▶ **THE DATA**

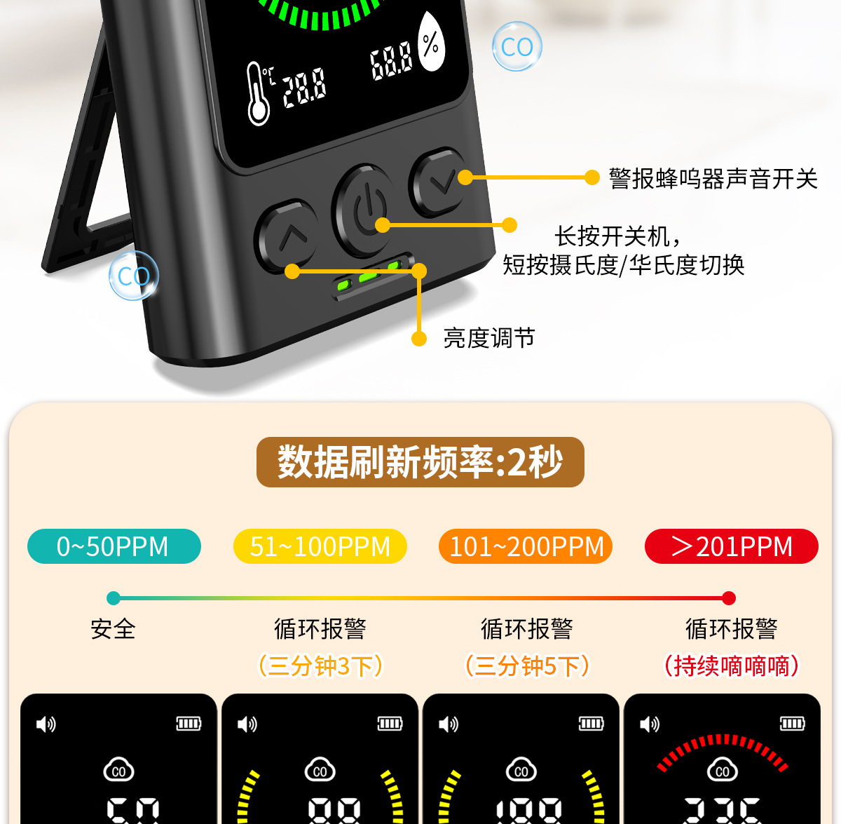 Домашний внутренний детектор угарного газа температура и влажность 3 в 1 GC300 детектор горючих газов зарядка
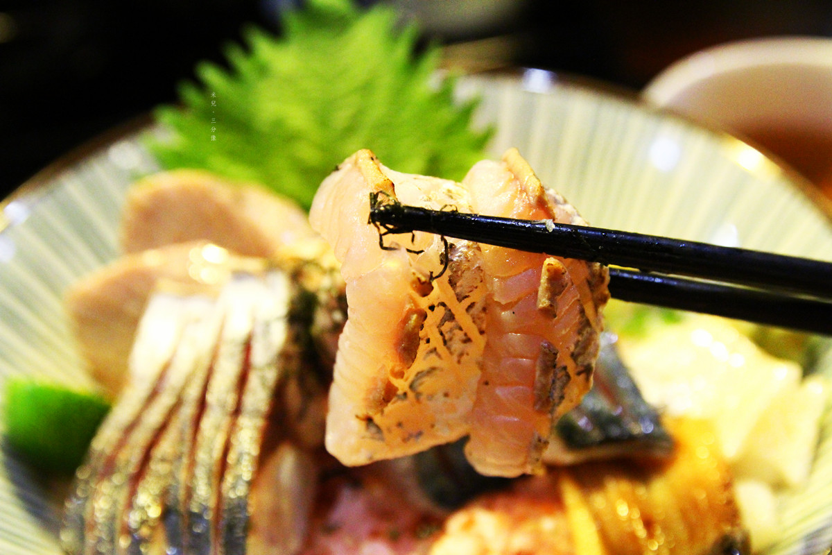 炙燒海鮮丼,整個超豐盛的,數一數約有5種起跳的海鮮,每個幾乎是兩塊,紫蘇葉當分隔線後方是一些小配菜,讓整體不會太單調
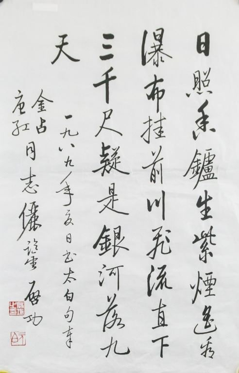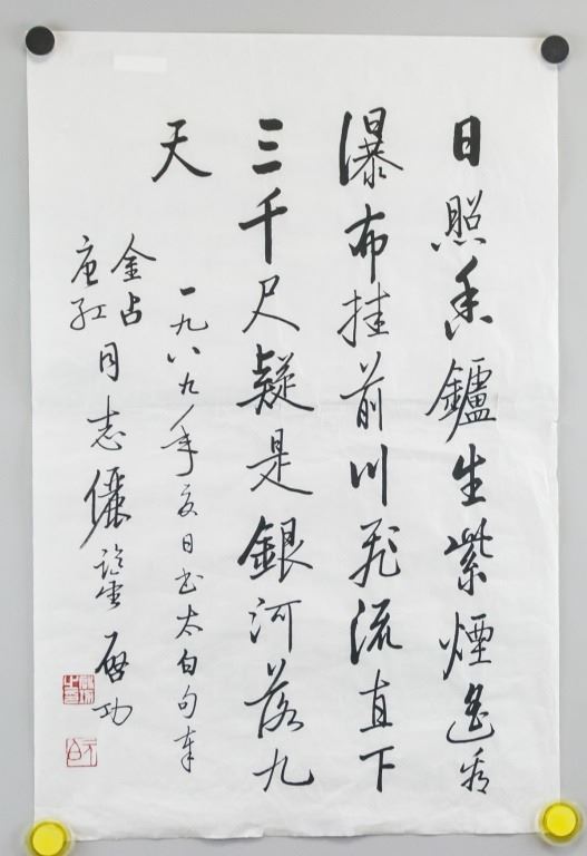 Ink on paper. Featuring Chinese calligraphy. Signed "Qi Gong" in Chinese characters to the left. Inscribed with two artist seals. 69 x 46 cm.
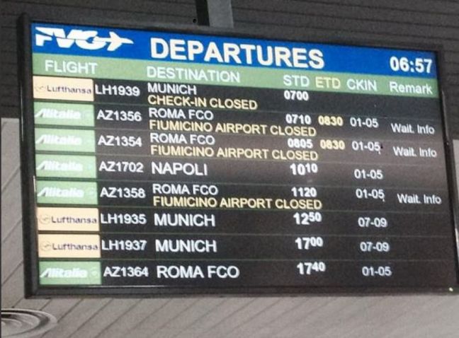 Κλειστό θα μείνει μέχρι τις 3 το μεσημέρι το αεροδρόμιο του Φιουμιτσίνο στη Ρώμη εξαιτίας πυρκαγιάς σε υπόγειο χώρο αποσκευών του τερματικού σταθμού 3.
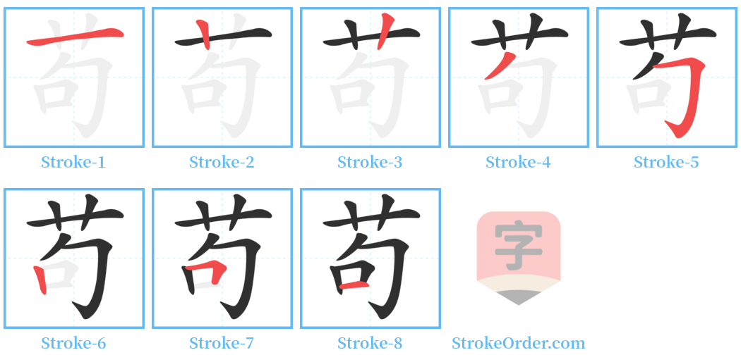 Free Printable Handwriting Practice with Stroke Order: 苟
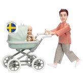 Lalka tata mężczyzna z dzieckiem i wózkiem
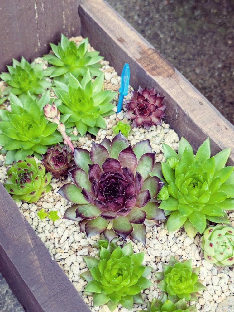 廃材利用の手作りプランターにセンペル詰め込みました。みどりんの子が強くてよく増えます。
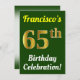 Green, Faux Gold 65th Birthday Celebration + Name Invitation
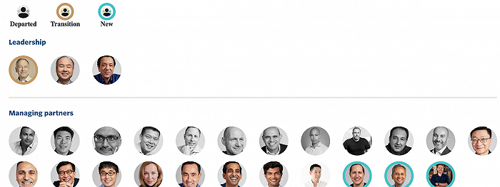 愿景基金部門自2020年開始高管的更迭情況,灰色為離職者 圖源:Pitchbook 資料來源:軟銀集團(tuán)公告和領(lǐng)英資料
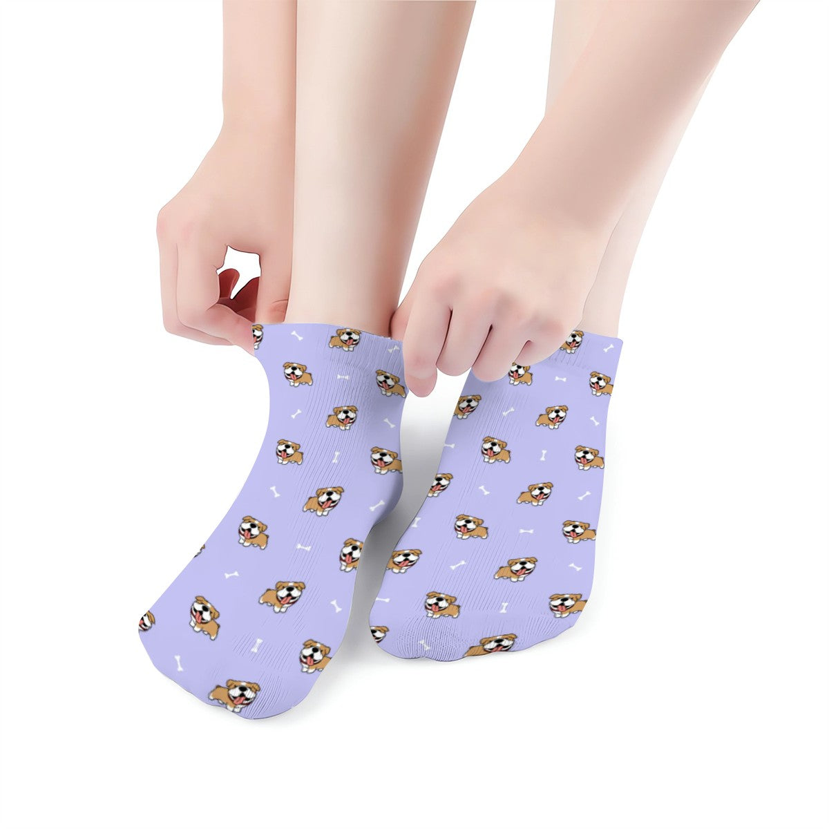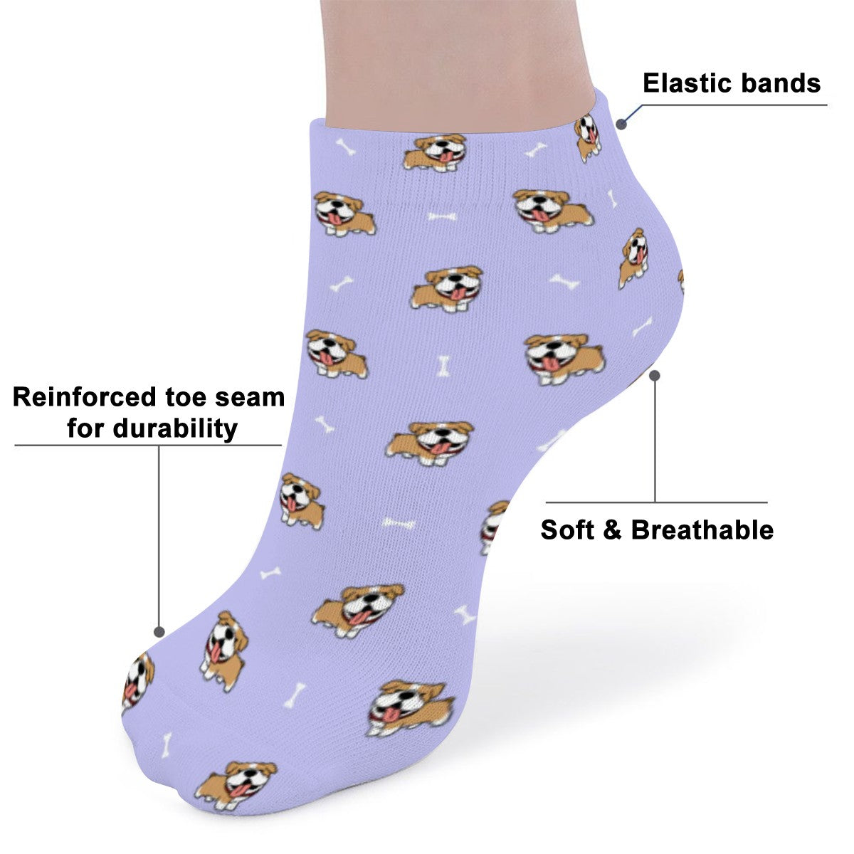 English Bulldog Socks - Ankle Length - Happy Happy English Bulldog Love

--

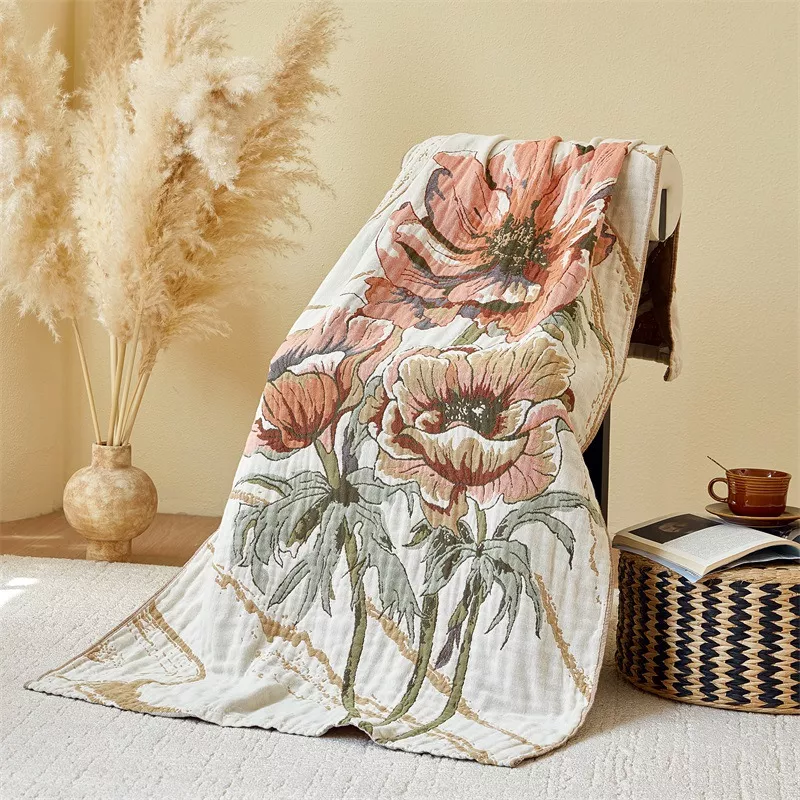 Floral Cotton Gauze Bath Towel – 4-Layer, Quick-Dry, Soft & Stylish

▶ **PROBLEM STATEMENT**
Leaving pictures out, output the lines of the data above from the one with "Домашний внутренний детектор" through the one with "Green, Faux Gold", word for word.

▶ **RESPONSE TO THIS EXERCISE**
 Домашний внутренний детектор угарного газа температура и влажность 3 в 1 GC300 детектор горючих газов зарядка
 炙燒海鮮丼,整個超豐盛的,數一數約有5種起跳的海鮮,每個幾乎是兩塊,紫蘇葉當分隔線後方是一些小配菜,讓整體不會太單調
 Ink on paper. Featuring Chinese calligraphy. Signed "Qi Gong" in Chinese characters to the left. Inscribed with two artist seals. 69 x 46 cm.
 Κλειστό θα μείνει μέχρι τις 3 το μεσημέρι το αεροδρόμιο του Φιουμιτσίνο στη Ρώμη εξαιτίας πυρκαγιάς σε υπόγειο χώρο αποσκευών του τερματικού σταθμού 3.
 Free Printable Handwriting Practice with Stroke Order: 苟
 Lalka tata mężczyzna z dzieckiem i wózkiem
 廃材利用の手作りプランターにセンペル詰め込みました。みどりんの子が強くてよく増えます。
 Green, Faux Gold 65th Birthday Celebration + Name Invitation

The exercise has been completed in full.